◆ **Exercise inputs**
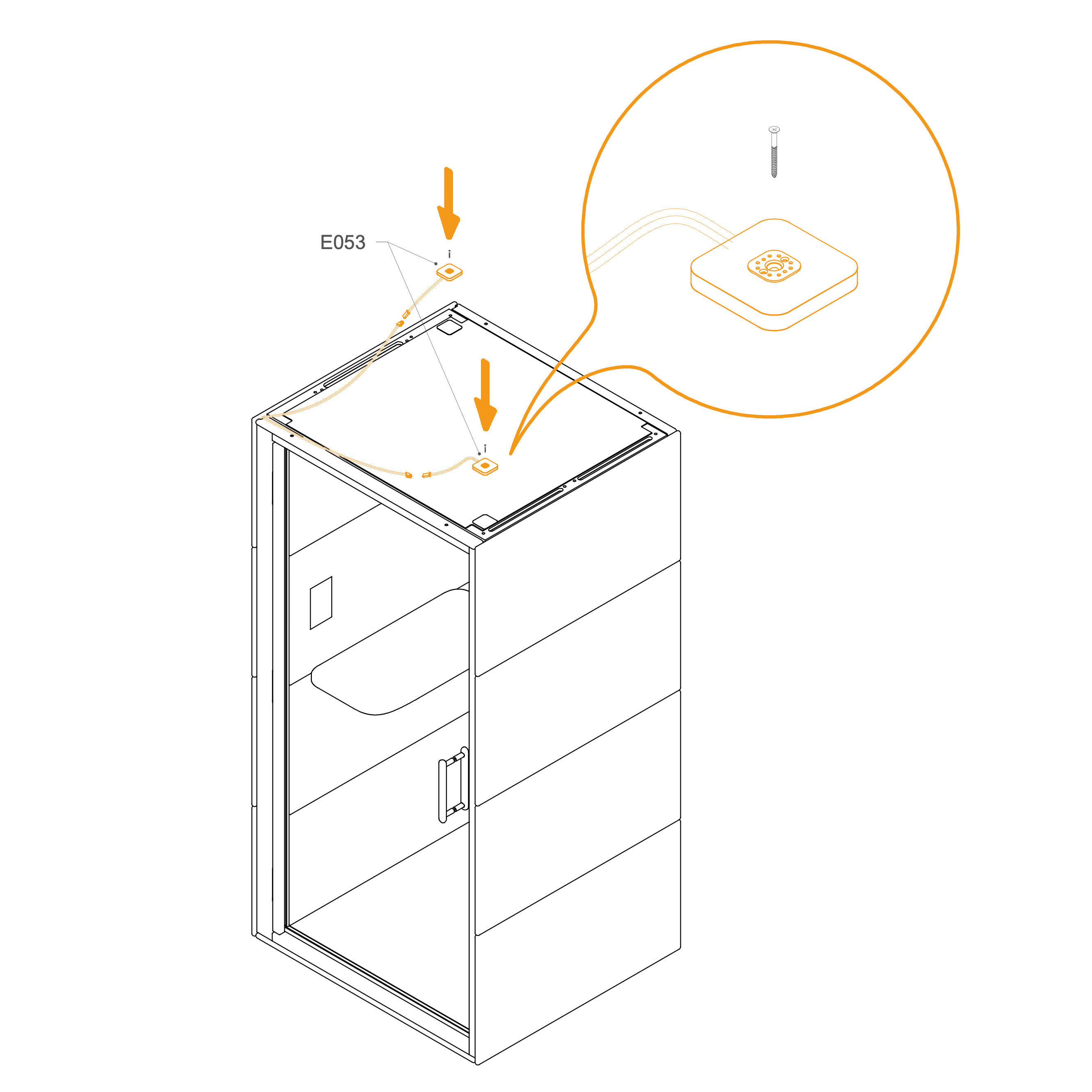 Secure the occupancy light (E053) to the frame with the provided screws.
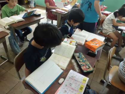 3年生になって,国語辞典の使い方を習いました。時間があれば,「語句調べプリント」を見ながら,いろいろな言葉を調べています。少しずつ,辞書をひくスピードがはやくなってきましたね。
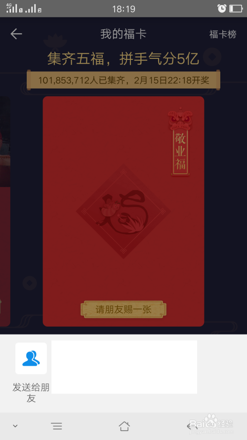 选择一个自己没有的福卡,点击请朋友赐一张弹出个列表,发个朋友方式
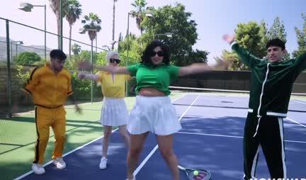 Two busty MILFs are big fans of healthy lifestyle and healthy exercise. In addition, each of the ladies brings up a stepson, and sometimes it strains to the extreme. So today the women decide to spend the day off on the tennis court. Thats just communication is not limited to lout-tennis alone, because the ladies are very excited in the fresh air and actively change stepchildren to get laid! Thats what they call movement!
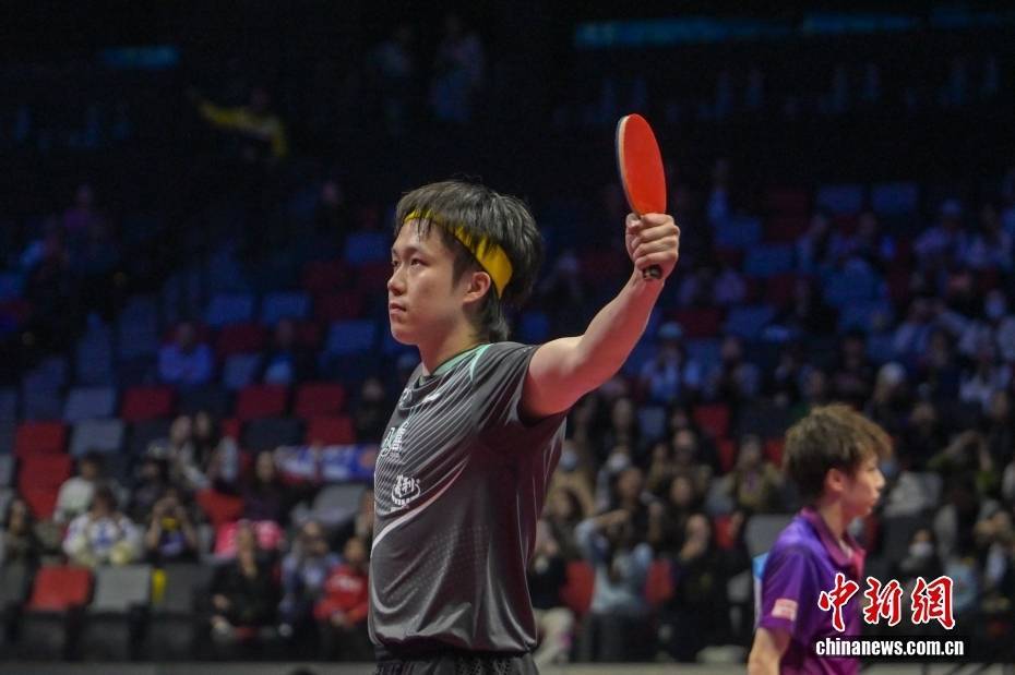 11月13日,第十五届全国运动会乒乓球成年组男子单打1/4决赛在澳门银河综艺馆举行。在当日的一场比赛中,北京队选手王楚钦以4:2战胜广东队选手林高远,晋级四强。图为王楚钦(左)在比赛中庆祝。中新社记者 陈永诺 摄
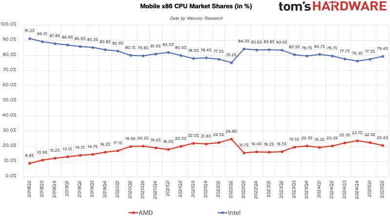 Em termos de receita, a participação de mercado da AMD em processadores móveis no segundo trimestre de 2025 foi de 21,5%, queda de 0,7% em relação ao primeiro trimestre, mas aumento de 3,9% em relação ao ano anterior. Isso mostra que a AMD está vendendo mais processadores para notebooks de médio e alto padrão em comparação com o ano passado, apesar da queda nos volumes. A receita da Intel caiu na mesma proporção que o crescimento da AMD. Apesar de manter a maior fatia do mercado, a Intel está perdendo terreno nos segmentos de ponta do mercado móvel, onde as ofertas da AMD parecem mais competitivas.
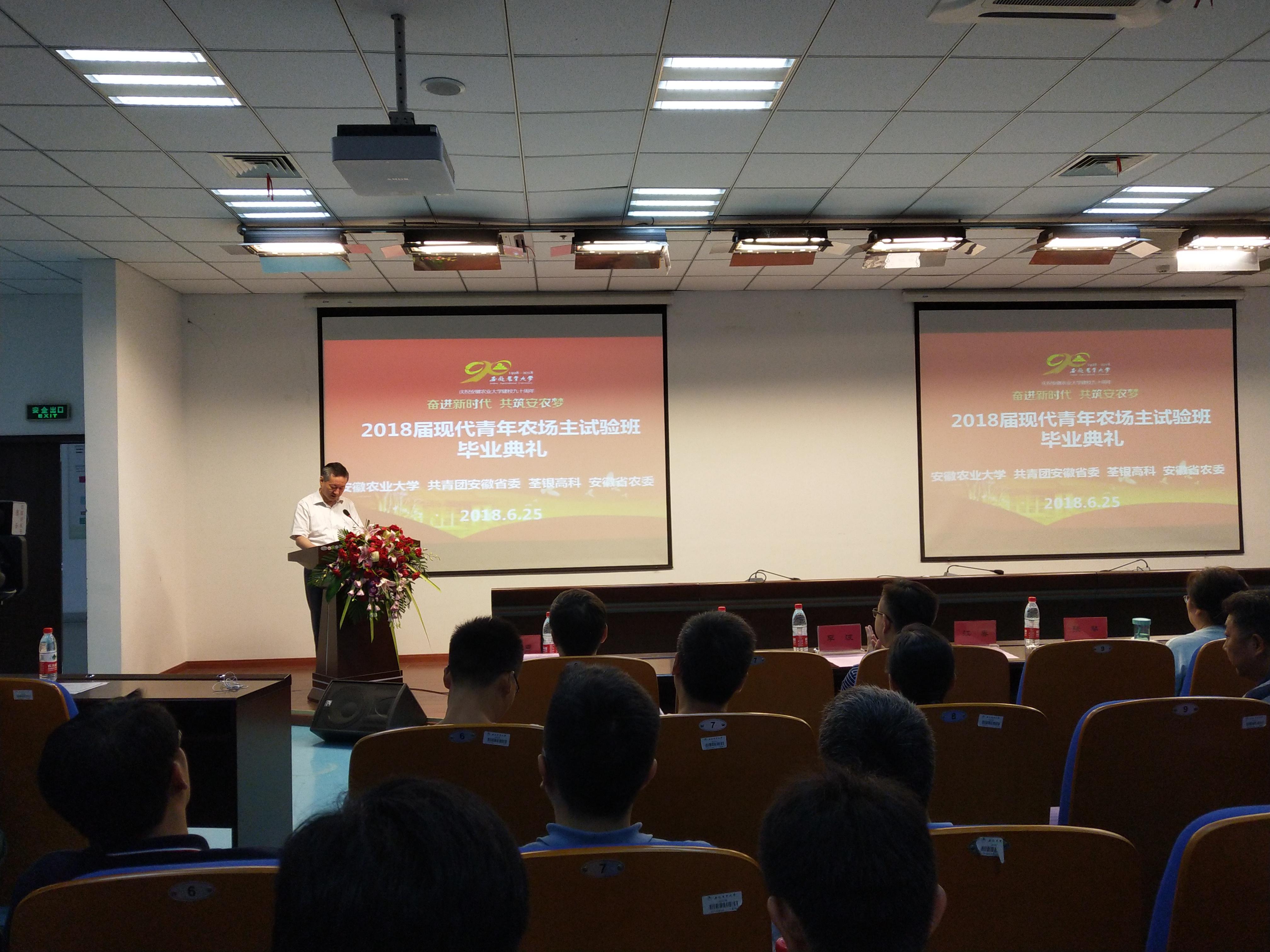 ??? 2018年6月25日上午,2018屆團校企“現(xiàn)代青年農(nóng)場主”荃銀創(chuàng)新創(chuàng)業(yè)試驗班畢業(yè)典禮在安徽農(nóng)業(yè)大學舉行。安徽農(nóng)業(yè)大學黨委書記江春,共青團安徽省委員會副書記李波、荃銀高科董事長張琴出席畢業(yè)典禮。安徽農(nóng)業(yè)大學副校長馬傳喜主持畢業(yè)典禮。巽風湖創(chuàng)業(yè)孵化基地總經(jīng)理佘良東、荃銀高科定遠創(chuàng)業(yè)孵化基地負責人羅干以及安徽農(nóng)業(yè)大學相關處室、學院等單位主要負責人、部分現(xiàn)代青年農(nóng)場主試驗班的任課老師、2018屆現(xiàn)代青年農(nóng)場主試驗班畢業(yè)生、2015級和部分2016級現(xiàn)代青年農(nóng)場主試驗班學員參加了畢業(yè)典禮。
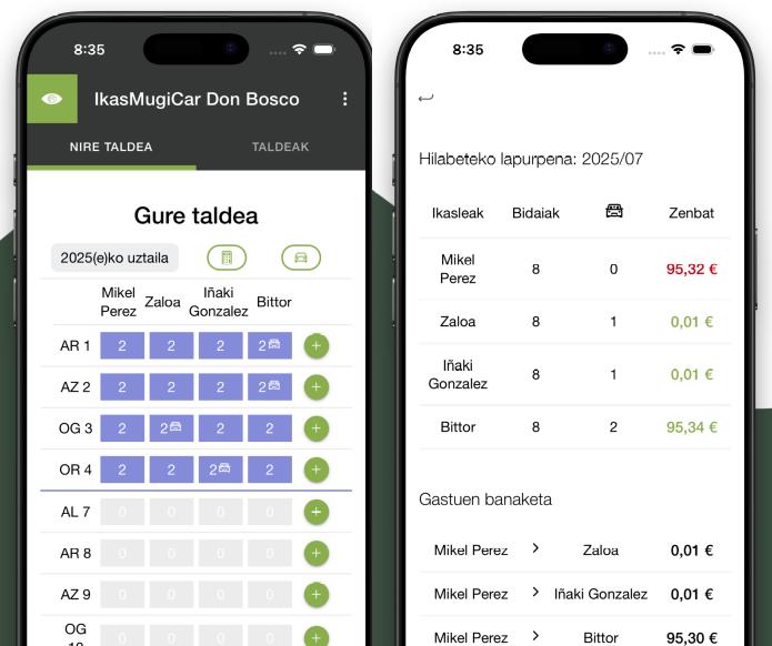 Aplikazioak gastu partekatuak kalkulatzeko modu estandar eta objetibo bat ere badu bere funtzionalitateen artean. Gorabehera deserosoak eta kalkulu konplikatuak aurrezten dizkie horrek bidaiariei.

◆ **Directions for this task**
Restate every line above word for word. Do not carry over the images.

◆ **Reply**
 Secure the occupancy light (E053) to the frame with the provided screws.
 3年生になって,国語辞典の使い方を習いました。時間があれば,「語句調べプリント」を見ながら,いろいろな言葉を調べています。少しずつ,辞書をひくスピードがはやくなってきましたね。
 选择一个自己没有的福卡,点击请朋友赐一张弹出个列表,发个朋友方式
 Two busty MILFs are big fans of healthy lifestyle and healthy exercise. In addition, each of the ladies brings up a stepson, and sometimes it strains to the extreme. So today the women decide to spend the day off on the tennis court. Thats just communication is not limited to lout-tennis alone, because the ladies are very excited in the fresh air and actively change stepchildren to get laid! Thats what they call movement!
 11月13日,第十五届全国运动会乒乓球成年组男子单打1/4决赛在澳门银河综艺馆举行。在当日的一场比赛中,北京队选手王楚钦以4:2战胜广东队选手林高远,晋级四强。图为王楚钦(左)在比赛中庆祝。中新社记者 陈永诺 摄
 Em termos de receita, a participação de mercado da AMD em processadores móveis no segundo trimestre de 2025 foi de 21,5%, queda de 0,7% em relação ao primeiro trimestre, mas aumento de 3,9% em relação ao ano anterior. Isso mostra que a AMD está vendendo mais processadores para notebooks de médio e alto padrão em comparação com o ano passado, apesar da queda nos volumes. A receita da Intel caiu na mesma proporção que o crescimento da AMD. Apesar de manter a maior fatia do mercado, a Intel está perdendo terreno nos segmentos de ponta do mercado móvel, onde as ofertas da AMD parecem mais competitivas.
 ??? 2018年6月25日上午,2018屆團校企“現(xiàn)代青年農(nóng)場主”荃銀創(chuàng)新創(chuàng)業(yè)試驗班畢業(yè)典禮在安徽農(nóng)業(yè)大學舉行。安徽農(nóng)業(yè)大學黨委書記江春,共青團安徽省委員會副書記李波、荃銀高科董事長張琴出席畢業(yè)典禮。安徽農(nóng)業(yè)大學副校長馬傳喜主持畢業(yè)典禮。巽風湖創(chuàng)業(yè)孵化基地總經(jīng)理佘良東、荃銀高科定遠創(chuàng)業(yè)孵化基地負責人羅干以及安徽農(nóng)業(yè)大學相關處室、學院等單位主要負責人、部分現(xiàn)代青年農(nóng)場主試驗班的任課老師、2018屆現(xiàn)代青年農(nóng)場主試驗班畢業(yè)生、2015級和部分2016級現(xiàn)代青年農(nóng)場主試驗班學員參加了畢業(yè)典禮。
 Aplikazioak gastu partekatuak kalkulatzeko modu estandar eta objetibo bat ere badu bere funtzionalitateen artean. Gorabehera deserosoak eta kalkulu konplikatuak aurrezten dizkie horrek bidaiariei.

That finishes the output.